His last words cut Chacaltana like a knife.
“Edith Ayala wasn't a terrorist, you son of a bitch.”
“It doesn't matter now, Chacaltana. She isn't anything now. You handed her over to us. After the scene you made last night, it was very easy for me to finish her off. I even thought I was doing you a favor because you didn't have the courage.”
The commander's gaze was not repentant but defiant, like a sudden blaze or a gust of wind. The prosecutor thought about him, Durango, Justino, Cáceres, Quiroz. Murderers killing murderers. Killers exterminating one another, a spiral of fire that would not stop until we were all one, one single giant of blood.
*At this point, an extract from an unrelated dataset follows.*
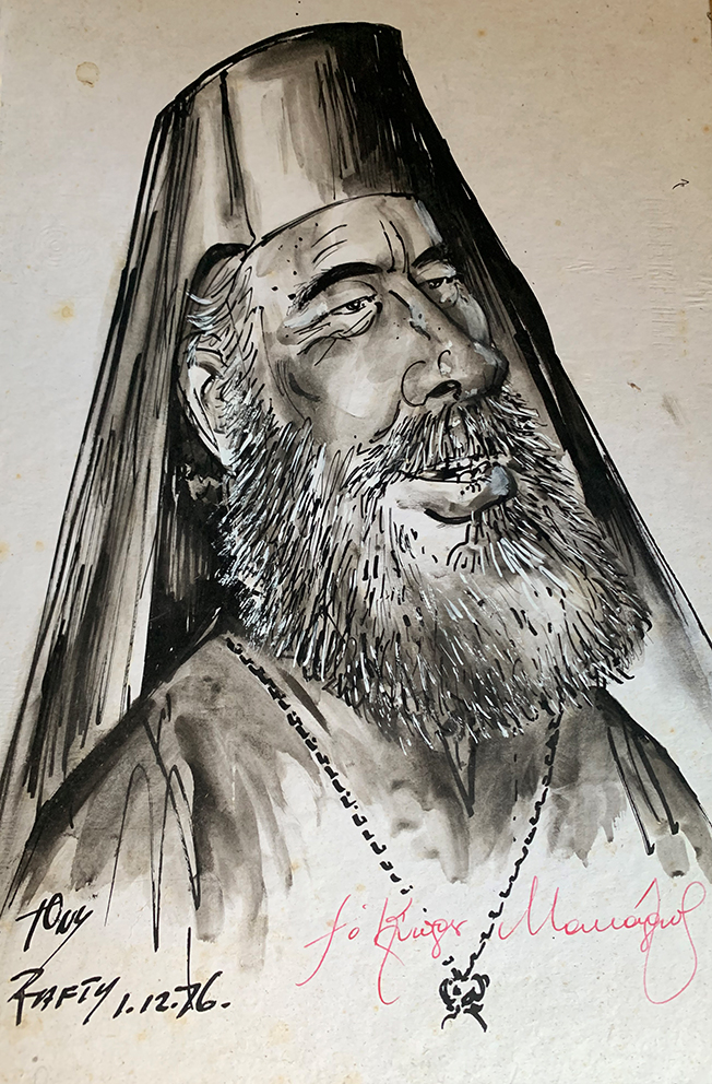 Ο Αρχιεπίσκοπος Μακάριος με τη γραφίδα του Τόνυ Ράφτυ.
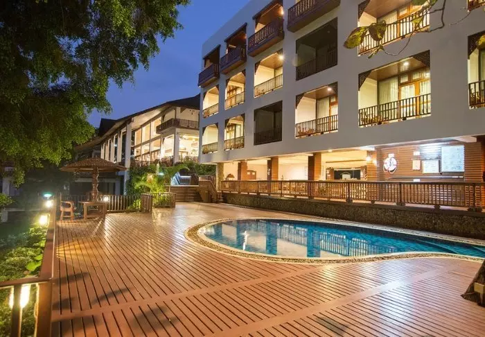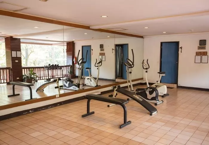 Het resort biedt ook een scala aan faciliteiten voor een complete vakantie-ervaring. Na een dag verkennen kun je een duik nemen in het grote buitenzwembad, dat wordt omringd door tropische bomen en planten, en als je fit wilt blijven tijdens je rondreis, heeft het resort ook een kleine fitnessruimte.

But not Edith. Not her at all. He thought of her remains scattered on the bed. He thought of her entire body surrendered in that same bed, forced, broken in advance.
“You are a monster, Carrión. Even if what you say is true. Why like this? Wasn't a bullet in the back of the neck enough for you? Wasn't that the usual method?”
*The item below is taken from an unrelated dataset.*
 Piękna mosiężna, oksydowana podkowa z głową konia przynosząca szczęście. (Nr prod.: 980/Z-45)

The commander darkened his gaze. He showed him the papers he held in his hand.
“I've written down everything. I've explained everything.”
Chacaltana took the papers and tried to read. But there was nothing to understand in them. Only incoherence. Barbarity. Not simply spelling errors, it was everything. There is no error in chaos, and in those papers not even the syntax made sense. Chacaltana had spent his entire life among ordered words, Chocano's poems, legal codes, sentences numbered or organized into verses.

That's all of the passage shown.